Data Security and Privacy
Given the potential sensitivity of data, businesses are paying close attention to security and privacy features of AI solutions. Compliance with data protection regulations and implementation of robust security measures are paramount.
Ease of Use and User Adoption
User-friendliness and ease of adoption/utilization of AI tools is essential. Solutions that require minimal training and have intuitive interfaces are often preferred. An approach to this might be to develop a minimum viable product or a beta solution before general rollout. Collecting user feedback before release allows even greater flexibility in anticipating the needs listed above.
Feedback analysis and collection does not stop after beta testing. The strongest solutions continuously finetune the application through a commitment to user feedback, supporting greater data and algorithms.
Ethical Considerations
With the increasing awareness of ethical AI practices, businesses are evaluating whether AI technologies adhere to ethical guidelines and do not perpetuate biases or discrimination. Businesses should ask the technology company what they do to eliminate biases in their solution.

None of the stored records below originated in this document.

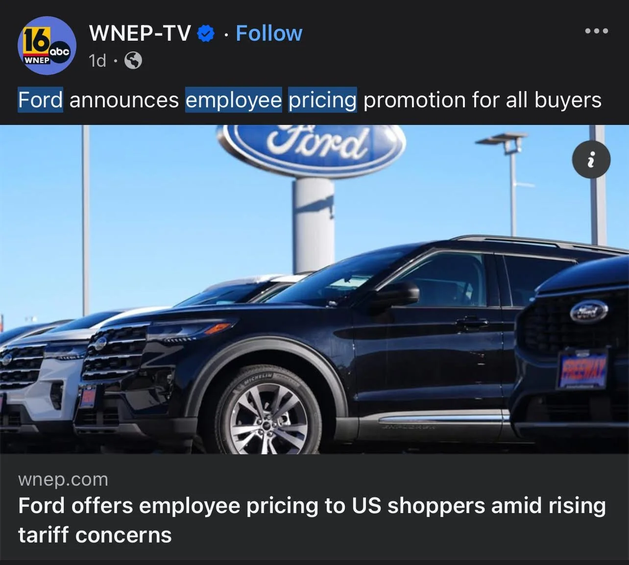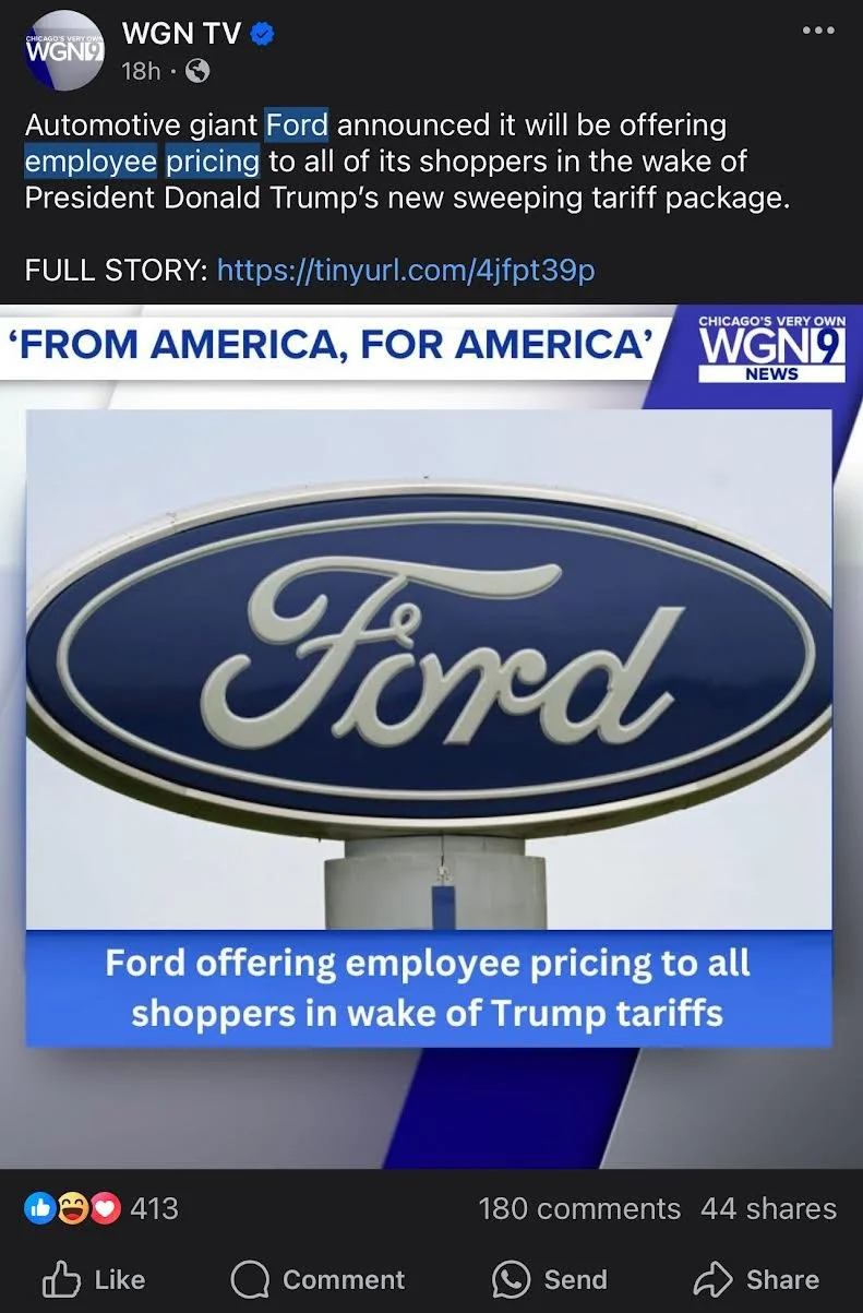 /Look at how these stations pump a Ford ad onto their social media. Carmakers offer “Employee Pricing” all the time as a gimmick to sell cars.
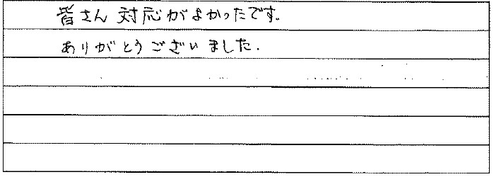 迅速かつ丁寧に作業していただき、大変有り難く思います。わからないことや工事以外の事もしっかりと対応していただきました。またリフォームをすることがあれば、またお願いしたいと思います。
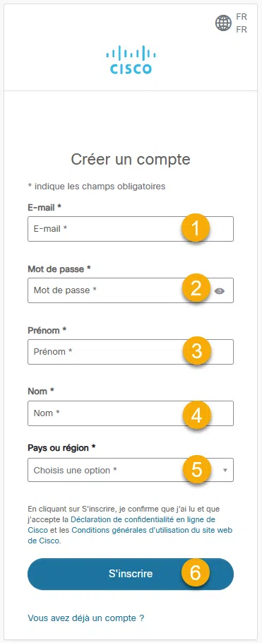 Pour télécharger la solution CML, vous devez avoir un compte CISCO. Si cela n’est pas fait, je vous invite à en créer un à l’adresse suivante :
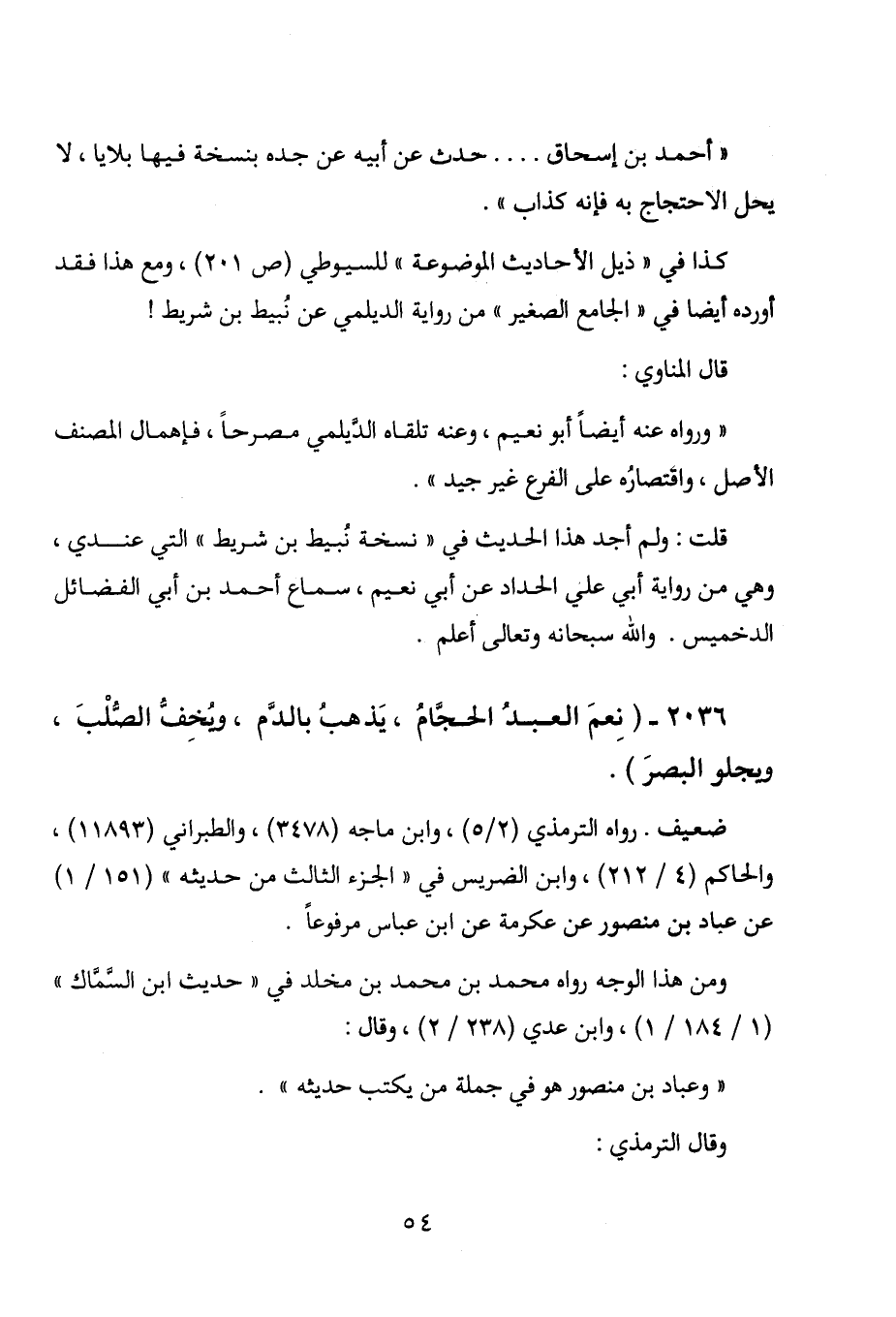 2036 - " نعم العبد الحجام، يذهب بالدم، ويخف الصلب، ويجلوالبصر ".
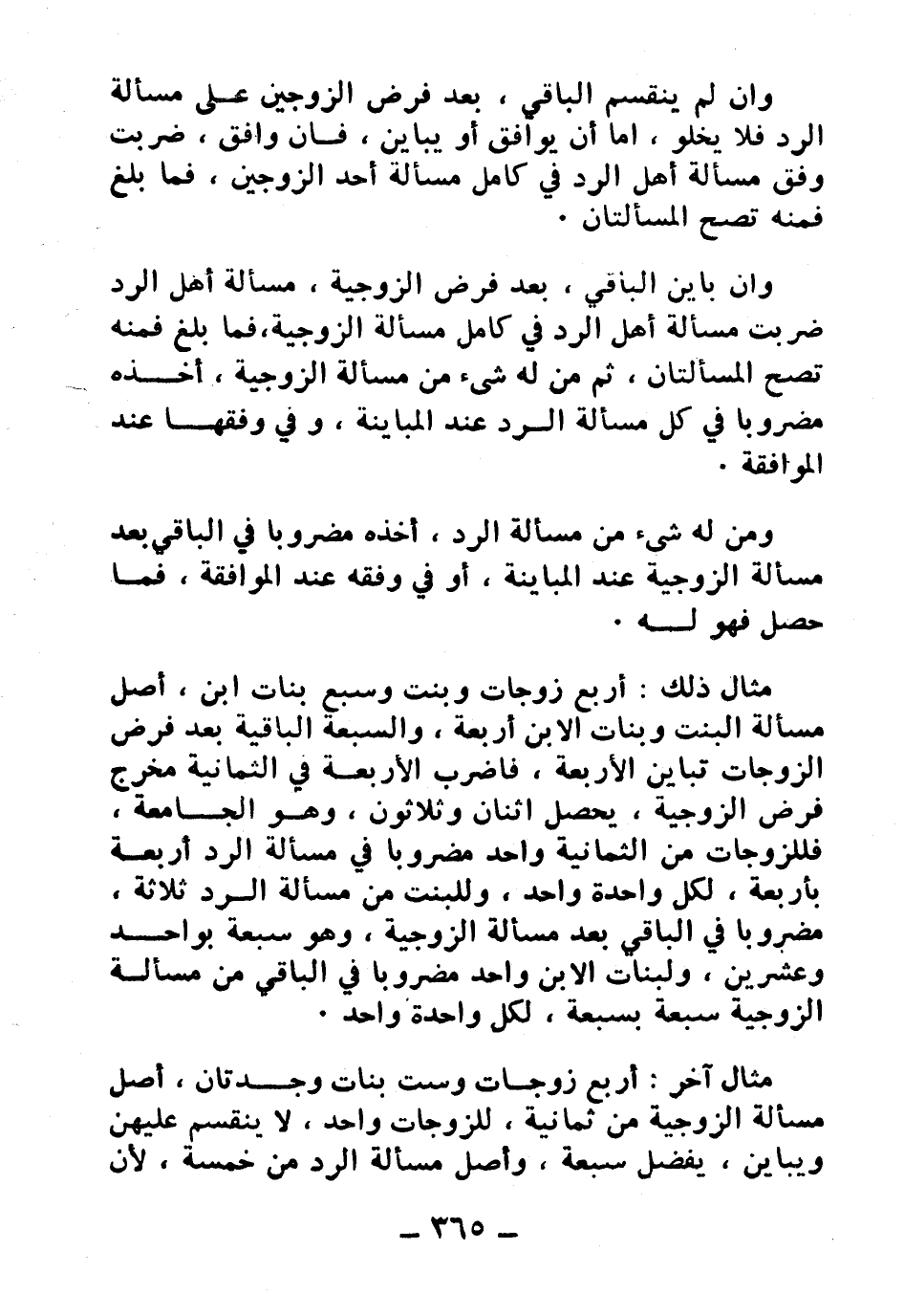 مثال آخر: أربع زوجات وست بنات وجدتان، أصل مسألة الزوجية من ثمانية، للزوجات واحد، لا ينقسم عليهن ويباين، يفضل سبعة، وأصل مسألة الرد من خمسة، لأن مسألة الرد لا تزيد على الخمسة أبدًا، كما لا يمكن أن تكون من سبعة أبدًا.
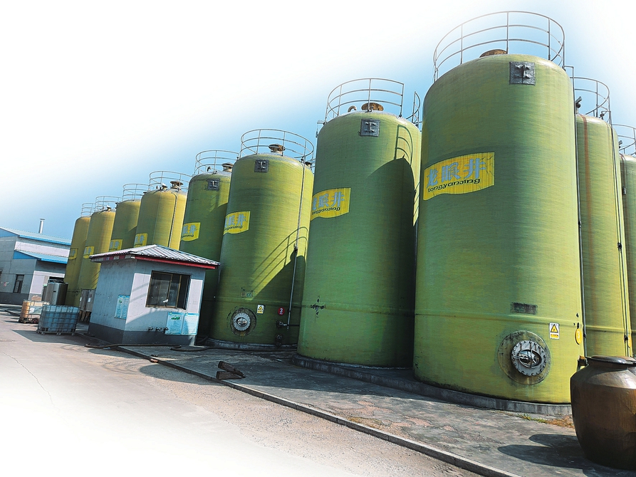 公司厂区排列整齐的醋罐。
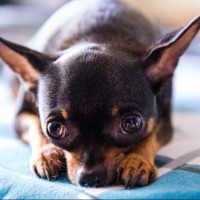 a small dog, which appears to be a Chihuahua, laying down with its front paws stretched out in front of it. It has a somewhat sad or concerned expression on its face, looking directly at the camera. The background is nondescript and does not provide any additional context about the setting.
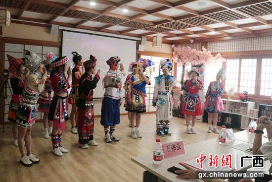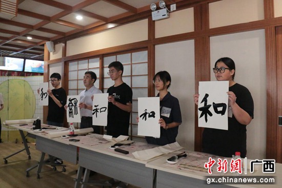 由Beat365中文官方网站外国语学院青年学生演唱的《山歌好比春江水》和熊本大学青年学生演唱的《水平线》拉开活动序幕。在艺术作品展演环节,Beat365中文官方网站师生们现场创作了书法作品,进行了汉俳展示,熊本大学的学生们介绍了茶道的历史与现在,让大家领略到了中日艺术的独特魅力。在交流互动环节,Beat365中文官方网站学生介绍了“我的家乡:桂林的整体介绍”,宣传了“家乡美食:油茶与桂林米粉”;熊本大学学生详细为大家介绍了熊本的饮食文化与乡土料理,双方美食引人入胜,让人满心期待。
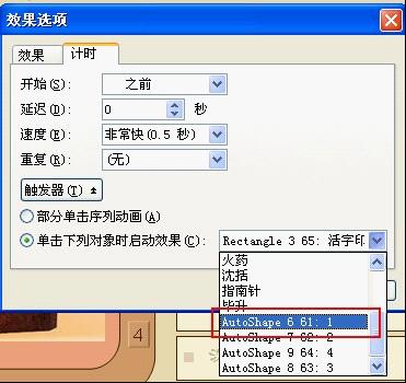 5、将一整串动画选定,触发器:选项1
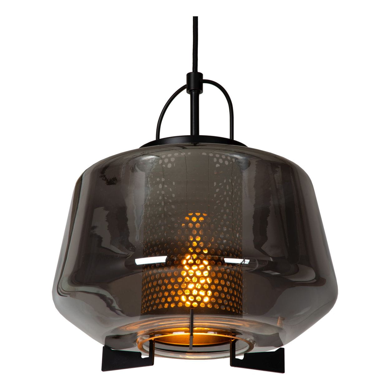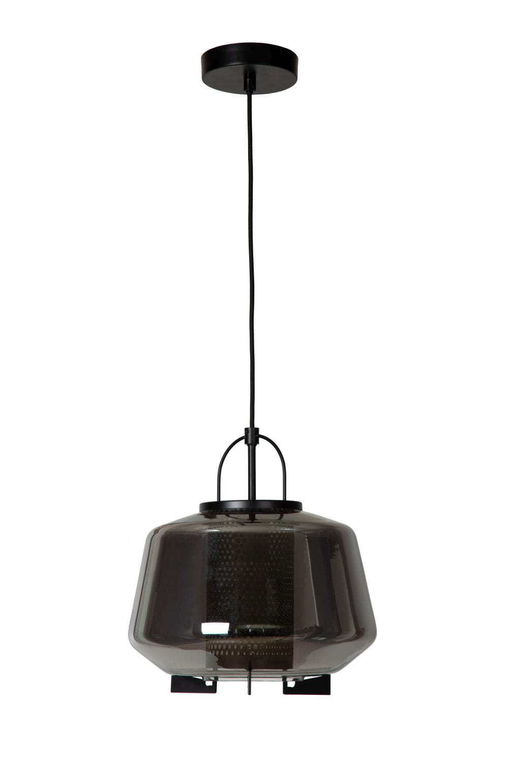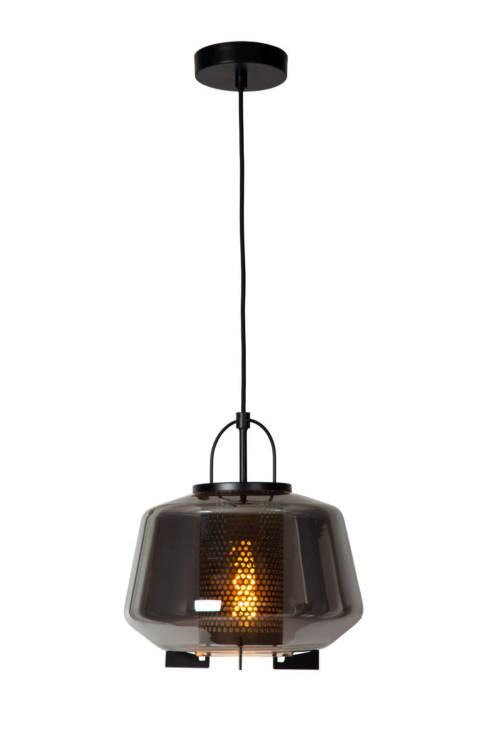 Klosz lampy wykonany został z wysokiej jakości szkła o dymnym wykończeniu, który w swoim wnętrzu skrywa ażurową osłonkę, przez którą przebijają się promienie świetlne. Całość utrzymuje metalowa podsufitka wraz z tekstylnym kablem i metalowym stelażem. Otwór u podstawy klosza doskonale kieruje źródło światła w dół, przez co bez problemu oświetlimy wybraną przestrzeń. Z użyciem ściemnialnej żarówki w łatwy sposób dostosujemy jasność światła według własnego uznania i nadamy wnętrzu wyjątkowy klimat. Dzięki regulacji wysokości możemy dowolnie obniżać i podwyższać poziom oświetlenia.

Since humans build systems, it’s inevitable that bias will creep into the algorithms. However, that does not mean businesses shouldn’t attempt to mitigate it. Approaches to eliminate as much bias as possible include:
Interview your potential technology partner. As we have seen with Google’s Gemini, the introduction of bias into AI is a very real possibility. There is no specific blueprint that companies can follow to eliminate bias as bias will not be completely removed from AI. Managing bias is a more realistic approach.
Ask your potential partner what they do to manage biases. Do they have policies in place to ensure diversity in their technology? An AI technology vendor should have policies in place that foster diversity of information and are incorporated into various language models. Do they use tools to check for and mitigate biases? There are several tools (such as tools from the IBM AI Fairness Project) to check AI models for potential biases and help in the bias remediation process.
Learn what algorithms are used and how the technology is trained. The data that goes into the models determines how smart and efficient the AI system will be. Keep in mind, though, that more data does not necessarily mean smarter AI. In fact, if you are feeding your model too many samples and data sets, you could inadvertently add more bias. The key to ensuring accuracy in the AI system is selecting training data based on quality rather than quantity.
Maintain quality assurance. Monitor the AI in real time to identify a problem or bias as early as possible. AI excellence is an ongoing project you should be prepared to support long-term!
Vendor Reputation and Support
Should you choose to engage a third-party provider to design and create your AI solution, thoroughly evaluate your potential partner. This can be done with a vendor scorecard, using the same criteria for each vendor. Example evaluation criteria include:
Expertise and skillset. Look to understand the exact skillsets and fields of expertise that can be offered – such as what tools and programming languages the vendor uses and how strong the provider’s delivery capability is.
Reputation. Interview current and former clients and ask what went well, what did not, did the partner deliver what they said they would, etc.
Data security. Understand how the potential partner secures data and if they meet your data security policies.
Tech stack. What is the potential partner’s tech stack? Is it scalable?
Case studies. Have the potential partner provide case studies where they implemented various solutions. What was the business problem being solved? Is it similar to what your problem is?
Deployment and support. What does the potential partner’s deployment process and post-deployment support look like?